July 6, 2012
New Pair Of Legs Allow Robots Better Walking Pattern
Lee Rannals for redOrbit.com - Your Universe Online
Robots are receiving a new pair of legs that are the most accurate to the human walking gait so far.
Researchers have developed a set of robotic legs that they believe are the first to fully model walking in a biologically accurate manner.
Reporting in the Journal of Neural Engineering, the team said they built the neural architecture, musculoskeletal architecture and sensory feedback that humans have into the robot legs.
They said the accuracy of the robot has allowed the researchers to investigate the processes underlying walking in humans, and ultimately may help grow theories about how babies learn to walk.
A key component of the human walking system is the central pattern generator (CPG), which is a neural network in the lumbar region of the spinal cord that generates muscle signals.
The CPG produces these rhythmic signals by gathering information from different parts of the body that are responding to the environment. This allows humans to be able to walk, without needing to think about it.

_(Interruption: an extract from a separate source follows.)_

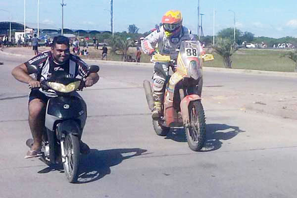 El hincha del Ferro subió a su cuenta de Facebook la foto y el video donde simula competir contra uno de los expertos en la categoría motos del raly más famoso del mundo, nada más y nada menos que Jasper Riezebos de Nueva Zelanda.

The robot contains an artificial half-center, which is the simplest form of CPG that consist of just two neurons that fire signals alternatively. It also has sensors that deliver information back to the half-center, including load sensors that sense force in the limb when the leg is pressed against a stepping surface.
"Interestingly, we were able to produce a walking gait, without balance, which mimicked human walking with only a simple half-centre controlling the hips and a set of reflex responses controlling the lower limb," Dr. Theresa Klein, who co-authored the study, said in a press release.
The researchers believe that babies start off with a simple half-center, and over time "learn" a network for a more complex walking pattern. This theory could explain why babies have been seen to exhibit simple walking patterns when placed on a treadmill, even before they have learned to walk.
"This underlying network may also form the core of the CPG and may explain how people with spinal cord injuries can regain walking ability if properly stimulated in the months after the injury," Dr. Klein said in the release.